サポートクラブ 労務News&Topics

2022年10月からの育児休業中の社会保険料免除に関する実務ポイント②

[矢島志織(特定社会保険労務士)]

労務に関する法改正情報などの最新ニュースや、注目の話題をピックアップ。専門家がわかりやすく解説します。

前回のコラムに続き、改正となる育児休業中の社会保険料免除要件の具体的な実務ポイントを解説します。

(1)出生児育児休業中に就業した場合の取扱い

2022年10月より、出生時育児休業において、就業することが可能になります(労使協定を締結し、労働者が合意している場合に限ります)。
給与に係る社会保険料の取扱いは、同一月内に出生児育児休業の開始日と終了予定日の翌日があり、就業日数を除いた育児休業等日数が14日以上の場合に免除となります。
なお、育児休業等日数の算定にあたっては、就業日数が日単位の場合は、その日数を「就業日数」として控除し、時間単位の場合は、その時間数を1日の所定労働時間で除した数(1未満の数は切り捨て)を「就業日数」として控除します。
【具体例】就業日数が時間単位で20時間、所定労働時間が8時間の場合

20時間÷8時間=2.5日 → 1未満の数は切り捨て → 就業日数は「2日」

たとえば、出生児育児休業を1月5日から1月19日まで取得するとします。
出生児育児休業中に就業をしない場合は、出生児育児休業は15日となり、育児休業等日数が「14日以上」に該当するため、1月分の社会保険料は免除になります。
この出生児育児休業中に20時間の就業を行なった場合、出生児育児休業15日から就業日数2日を除くと、育児休業等日数は13日です。「14日以上」の要件を満たさないため、1月分の社会保険料は免除対象外となります(ケース⑤)。

(2)賞与に係る社会保険料免除

賞与に係る社会保険料の取扱いは、「1か月を超える育児休業等を取得している場合」に免除となります。ここで「1か月を超える」とは、何日間と考えるのではなく、暦によって計算します。
たとえば、育児休業等の期間が1月25日から2月24日までの場合、ちょうど1か月であるため、賞与保険料の免除対象外となります。
育児休業等の期間が1月25日から2月25日までの場合は、1か月を超えるため、賞与保険料は免除となります(ケース⑥)。
また、賞与保険料は、育児休業等の期間に月末が含まれる月に支給された賞与に係る社会保険料が免除されます。
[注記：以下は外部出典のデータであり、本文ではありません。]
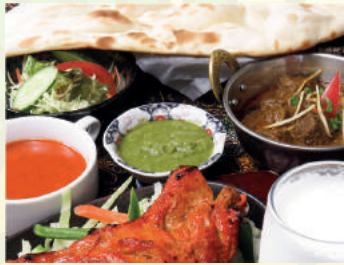
Tandoori Chicken Course タンドリーチキンコース ¥1,500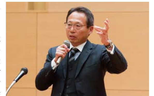
講演する岡田特任教授

岡田氏は、現在は中国サッカー・スーパーリーグの杭州绿城足球倶楽部で監督を務められていますが、杭州绿城監督就任への経緯やそこに賭ける思い、可能性を秘めた選手たちの意識改革策、そして枠組みや価値観が変わっていく社会で活躍する若者に求められる、本質を見抜く力の重要性など、氏の豊富な指導経験に基づく持論を熱く語り、会場を埋めた多くの学生や近隣から参加された聴講者達を魅了しました。

今回の改正における主な実務ポイントをまとめると、次のようになります。
<給与に係る社会保険料の免除基準>

・育児休業等の期間が月末をまたぐ(ケース①)

・同一月内に育児休業等の開始日と終了予定日の翌日があり、月末をまたがない場合で、育児休業等日数が14日以上(ケース②)

<育児休業等日数が「14日以上」の判定>

・同一月内に育児休業等が複数ある場合、分割で取得した育児休業等日数を「14日」の合算対象にできる(ケース③)

・前月以前から続いている育児休業等は「14日」の合算対象外(ケース④)

・出生児育児休業中の就業日数は「14日」から除く(ケース⑤)

<賞与に係る社会保険料の免除基準>

・1か月を超える育児休業等を取得している(ケース⑥)

今回の改正内容は、給与・賞与の計算に大きな影響があります。社会保険料の控除漏れが生じると、後に社会保険料を2か月分控除する等の対応が必要になります。従業員への負担が大きく、生活にも影響が出てくるかもしれません。
具体的な事例が出てきた場合には、顧問の社会保険労務士に確認しながら計算を進めていくとよいでしょう。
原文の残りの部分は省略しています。